§ **TASK ITEM**
Everything in the records must be copied exactly except the pictures.

§ **DATA PROVIDED**
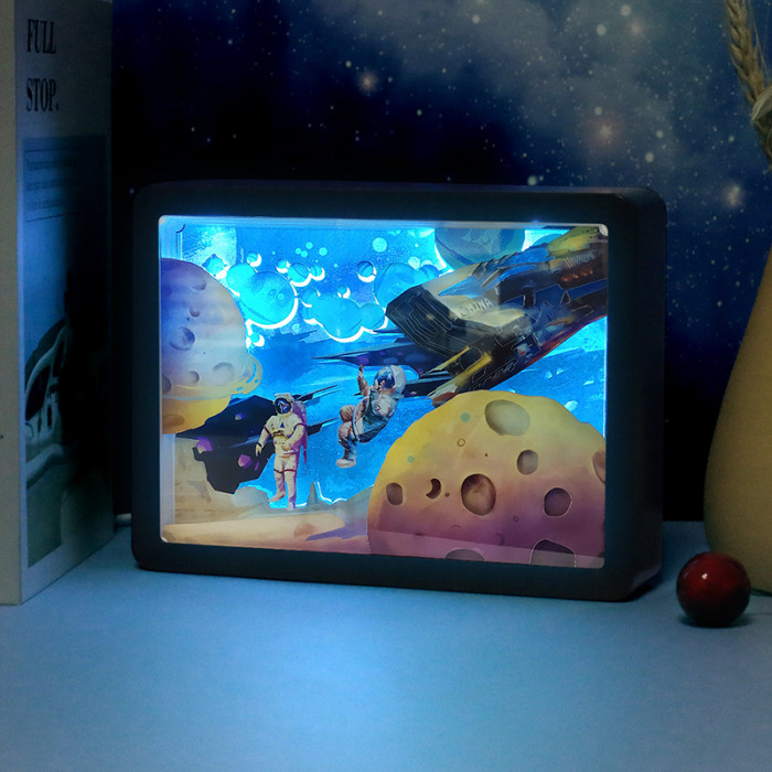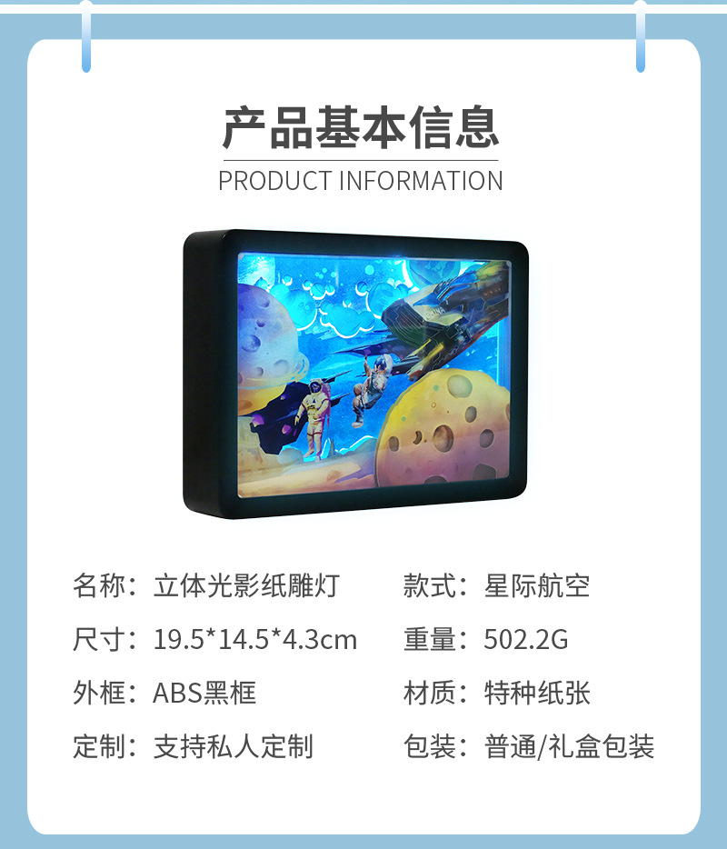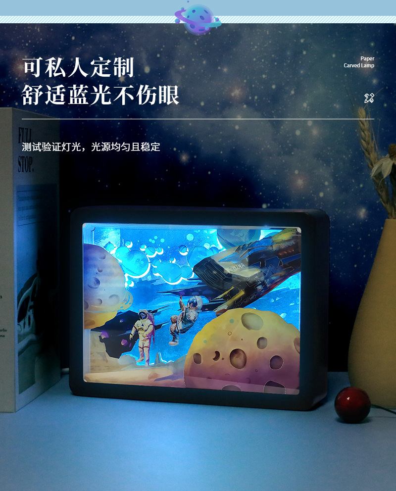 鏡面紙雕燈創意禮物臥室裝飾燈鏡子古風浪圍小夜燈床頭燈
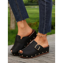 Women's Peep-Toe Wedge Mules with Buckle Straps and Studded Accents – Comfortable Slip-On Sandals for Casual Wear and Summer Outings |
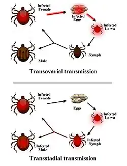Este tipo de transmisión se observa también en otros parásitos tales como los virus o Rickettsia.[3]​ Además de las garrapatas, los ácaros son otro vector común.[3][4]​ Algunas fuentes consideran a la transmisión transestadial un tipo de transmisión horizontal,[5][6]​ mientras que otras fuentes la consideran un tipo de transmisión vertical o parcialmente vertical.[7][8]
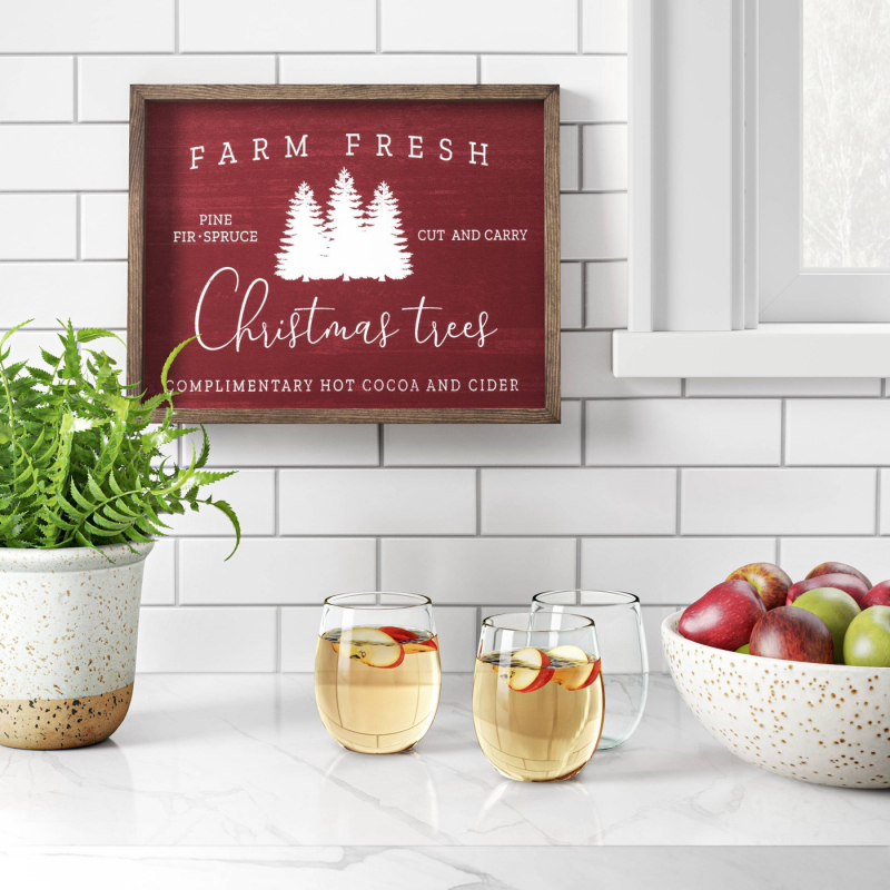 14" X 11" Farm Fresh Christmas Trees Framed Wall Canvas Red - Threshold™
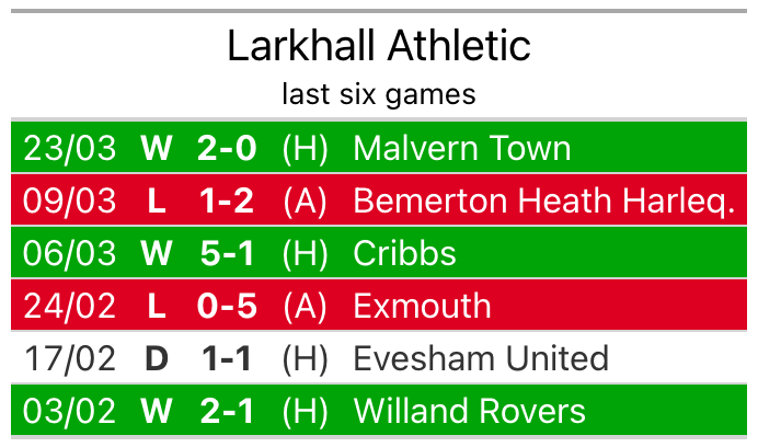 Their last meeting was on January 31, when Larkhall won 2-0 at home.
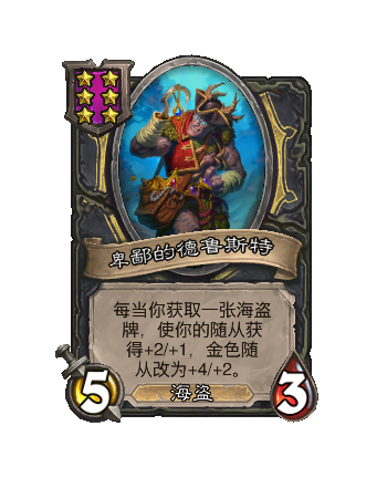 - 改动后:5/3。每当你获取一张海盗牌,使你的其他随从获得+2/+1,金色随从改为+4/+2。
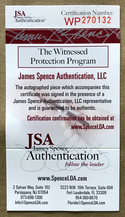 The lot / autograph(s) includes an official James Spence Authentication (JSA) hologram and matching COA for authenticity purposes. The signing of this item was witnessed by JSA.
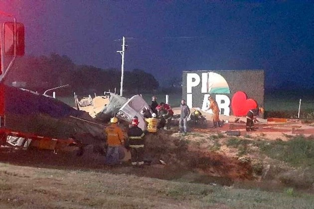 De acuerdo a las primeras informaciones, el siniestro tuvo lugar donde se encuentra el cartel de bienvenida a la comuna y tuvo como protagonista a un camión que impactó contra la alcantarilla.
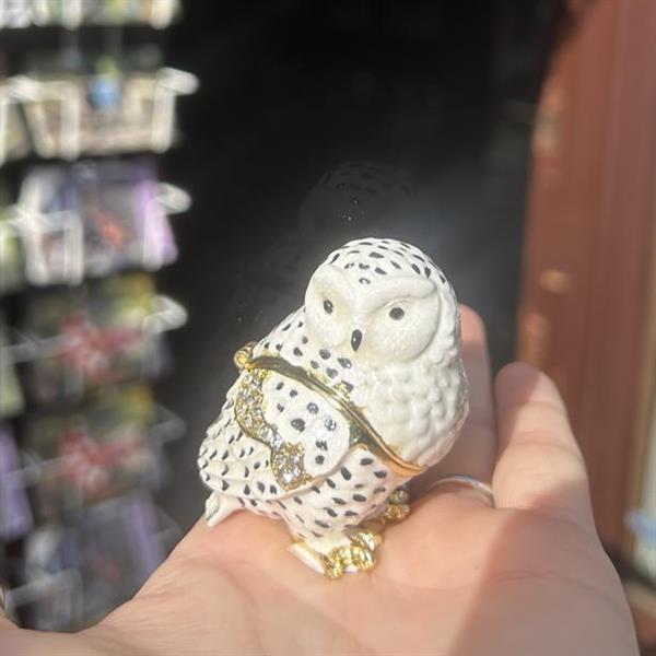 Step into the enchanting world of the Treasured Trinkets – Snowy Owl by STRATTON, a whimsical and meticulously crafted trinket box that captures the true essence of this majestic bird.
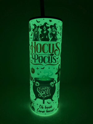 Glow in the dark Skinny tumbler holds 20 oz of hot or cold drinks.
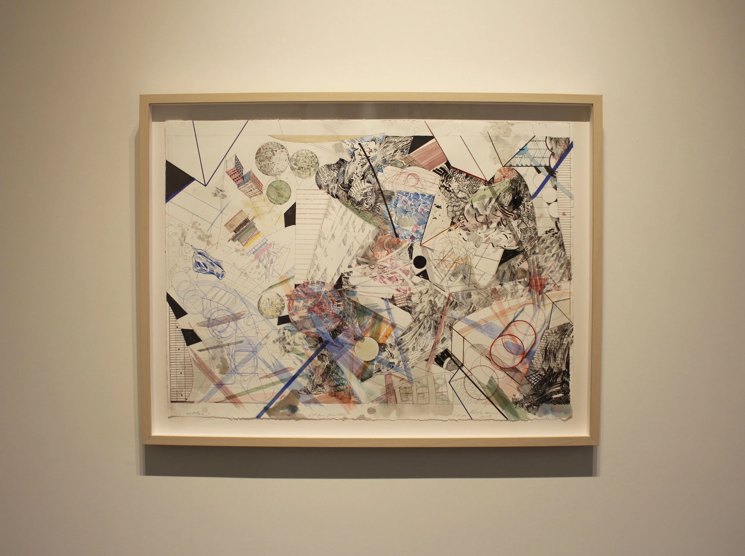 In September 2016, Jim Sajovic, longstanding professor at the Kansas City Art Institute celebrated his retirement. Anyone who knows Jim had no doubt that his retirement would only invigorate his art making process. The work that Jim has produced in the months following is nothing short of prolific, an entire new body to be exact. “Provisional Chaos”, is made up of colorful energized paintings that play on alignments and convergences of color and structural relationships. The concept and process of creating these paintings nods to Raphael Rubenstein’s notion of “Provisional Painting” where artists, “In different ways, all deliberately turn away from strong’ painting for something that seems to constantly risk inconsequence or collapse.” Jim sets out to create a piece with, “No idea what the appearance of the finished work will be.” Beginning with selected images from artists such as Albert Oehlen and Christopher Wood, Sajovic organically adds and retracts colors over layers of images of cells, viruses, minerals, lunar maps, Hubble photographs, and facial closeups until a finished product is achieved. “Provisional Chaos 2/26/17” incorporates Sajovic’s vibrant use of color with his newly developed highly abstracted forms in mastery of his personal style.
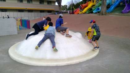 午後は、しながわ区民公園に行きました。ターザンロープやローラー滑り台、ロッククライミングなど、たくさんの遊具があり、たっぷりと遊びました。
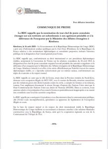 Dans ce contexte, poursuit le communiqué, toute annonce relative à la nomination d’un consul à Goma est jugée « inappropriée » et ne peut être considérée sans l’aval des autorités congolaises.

§ **RESULT**
 鏡面紙雕燈創意禮物臥室裝飾燈鏡子古風浪圍小夜燈床頭燈
 Women's Peep-Toe Wedge Mules with Buckle Straps and Studded Accents – Comfortable Slip-On Sandals for Casual Wear and Summer Outings |
Este tipo de transmisión se observa también en otros parásitos tales como los virus o Rickettsia.[3]​ Además de las garrapatas, los ácaros son otro vector común.[3][4]​ Algunas fuentes consideran a la transmisión transestadial un tipo de transmisión horizontal,[5][6]​ mientras que otras fuentes la consideran un tipo de transmisión vertical o parcialmente vertical.[7][8]
 14" X 11" Farm Fresh Christmas Trees Framed Wall Canvas Red - Threshold™
 Their last meeting was on January 31, when Larkhall won 2-0 at home.
 - 改动后:5/3。每当你获取一张海盗牌,使你的其他随从获得+2/+1,金色随从改为+4/+2。
 The lot / autograph(s) includes an official James Spence Authentication (JSA) hologram and matching COA for authenticity purposes. The signing of this item was witnessed by JSA.
 De acuerdo a las primeras informaciones, el siniestro tuvo lugar donde se encuentra el cartel de bienvenida a la comuna y tuvo como protagonista a un camión que impactó contra la alcantarilla.
 Step into the enchanting world of the Treasured Trinkets – Snowy Owl by STRATTON, a whimsical and meticulously crafted trinket box that captures the true essence of this majestic bird.
 Glow in the dark Skinny tumbler holds 20 oz of hot or cold drinks.
 In September 2016, Jim Sajovic, longstanding professor at the Kansas City Art Institute celebrated his retirement. Anyone who knows Jim had no doubt that his retirement would only invigorate his art making process. The work that Jim has produced in the months following is nothing short of prolific, an entire new body to be exact. “Provisional Chaos”, is made up of colorful energized paintings that play on alignments and convergences of color and structural relationships. The concept and process of creating these paintings nods to Raphael Rubenstein’s notion of “Provisional Painting” where artists, “In different ways, all deliberately turn away from strong’ painting for something that seems to constantly risk inconsequence or collapse.” Jim sets out to create a piece with, “No idea what the appearance of the finished work will be.” Beginning with selected images from artists such as Albert Oehlen and Christopher Wood, Sajovic organically adds and retracts colors over layers of images of cells, viruses, minerals, lunar maps, Hubble photographs, and facial closeups until a finished product is achieved. “Provisional Chaos 2/26/17” incorporates Sajovic’s vibrant use of color with his newly developed highly abstracted forms in mastery of his personal style.
 午後は、しながわ区民公園に行きました。ターザンロープやローラー滑り台、ロッククライミングなど、たくさんの遊具があり、たっぷりと遊びました。
 Dans ce contexte, poursuit le communiqué, toute annonce relative à la nomination d’un consul à Goma est jugée « inappropriée » et ne peut être considérée sans l’aval des autorités congolaises.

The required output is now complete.